Food Marketing and Childhood Obesity A Matter of Policy with Marion Nestle, Ph.D., M.P.H.
[This article from the New England Journal of Medicine reveals just how evil and cynical the food industry corporations are, systematically going after vulernable children and their eating habits, knowing there is great profit to be made by exploiting their naivety, making them sick for dollars. It seems slightly ironic to me this professor shares the name of one of these iconic food giants! Scott-Mumby]
Everyone knows that American children are becoming fatter, but not everyone agrees on the cause. Many of today’s children routinely consume more calories than they expend in physical activity, but this imbalance results from many recent changes in home, school, and neighborhood environments.

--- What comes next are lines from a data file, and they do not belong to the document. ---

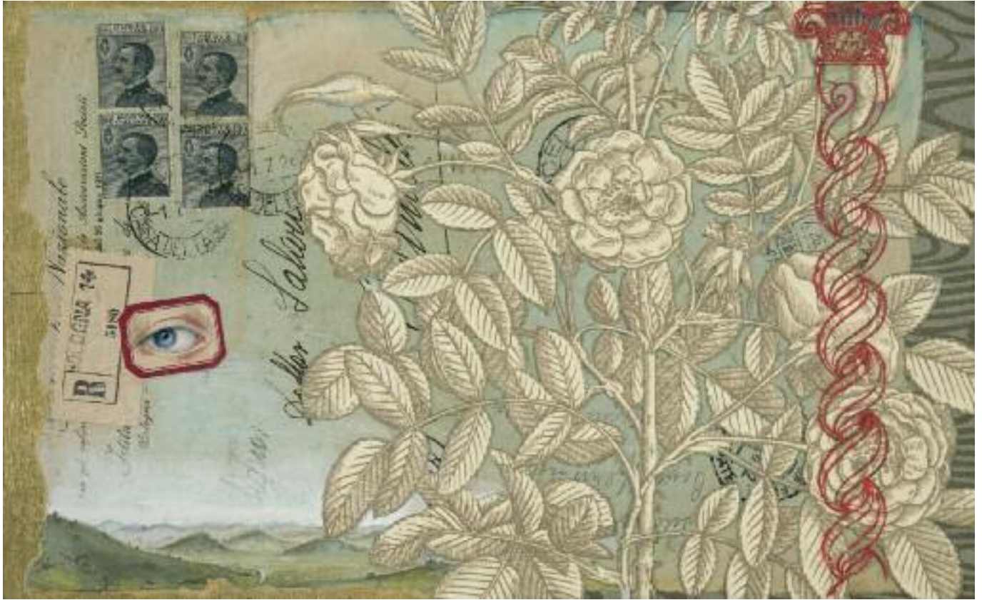
8. A Favourable Reply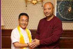
Chief Minister of Sikkim Shree Prem Singh Tamang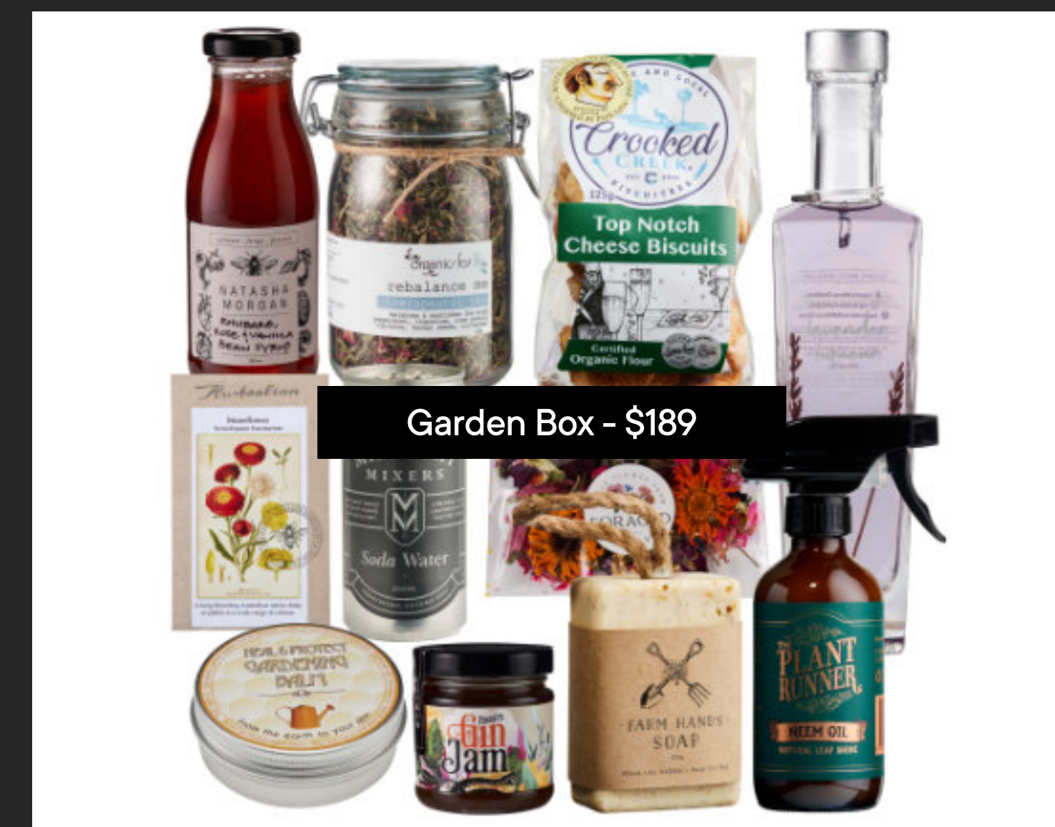
Garden Box - $189

Prices & products subject to change and availability. Contact us for accurate pricing & curation.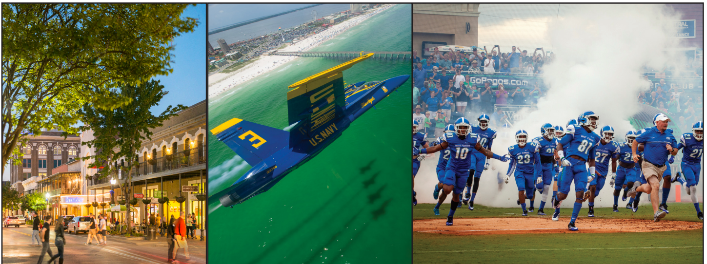
From left to right: Palafox Street in Downtown Pensacola, the Blue Angels, and the University of West Florida football team.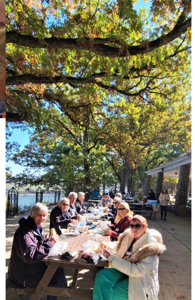
Lunch at Eagle Point Park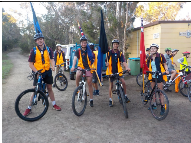
Team 1 – Ready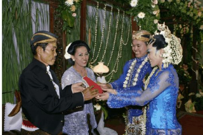
Picture 47. sindur that contains kacar-kucur is submitted to the bride's mother

Panggih ceremony in Yogyakartaese marriage custom shows some differences, they are: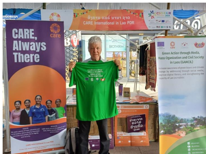
Exhibition of Achievements and Products at the National CSO Fair 2024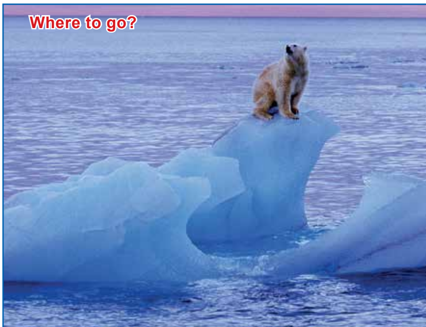
Where to go?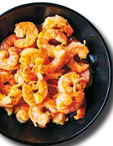
The food image is for illustrative purposes only and may not reflect the exact dish served at TTSH.

to create flavourful dishes. In such cases, we partner a dietitian who works with us to customise recipes for patients. It is a collaborative effort that seeks to combine taste and nutritional value for patients.

Concerned about the health and economic costs of childhood obesity, in 2004 Congress asked the Centers for Disease Control and Prevention to examine one potential cause the marketing of foods directly to children.
The result is a new Institute of Medicine (IOM) study, Food Marketing to Children and Youth: Threat or Opportunity,1 that provides a chilling account of how this practice affects children’s health. Food marketing, the IOM says, intentionally targets children who are too young to distinguish advertising from truth and induces them to eat high-calorie, low-nutrient (but highly profitable) “junk” foods; companies succeed so well in this effort that business-as-usual cannot be allowed to continue.
Since the late 1970s, obesity rates have more than doubled among children 6 to 11 years of age and more than tripled among those 12 to 19 years of age. As one consequence, type 2 diabetes mellitus is no longer rare in pediatric practice.2 The IOM states its first conclusion politely: the diets of American children are “in need of improvement.” As its report makes clear, this is a gross understatement: at least 30 percent of the calories in the average child’s diet derive from sweets, soft drinks, salty snacks, and fast food. Soft drinks account for more than 10 percent of the caloric intake, representing a doubling since 1980. According to the U.S. Department of Agriculture, even babies consume measurable quantities of soft drinks, and pediatricians say it is not unusual for overweight children to consume 1200 to 2000 calories per day from soft drinks alone.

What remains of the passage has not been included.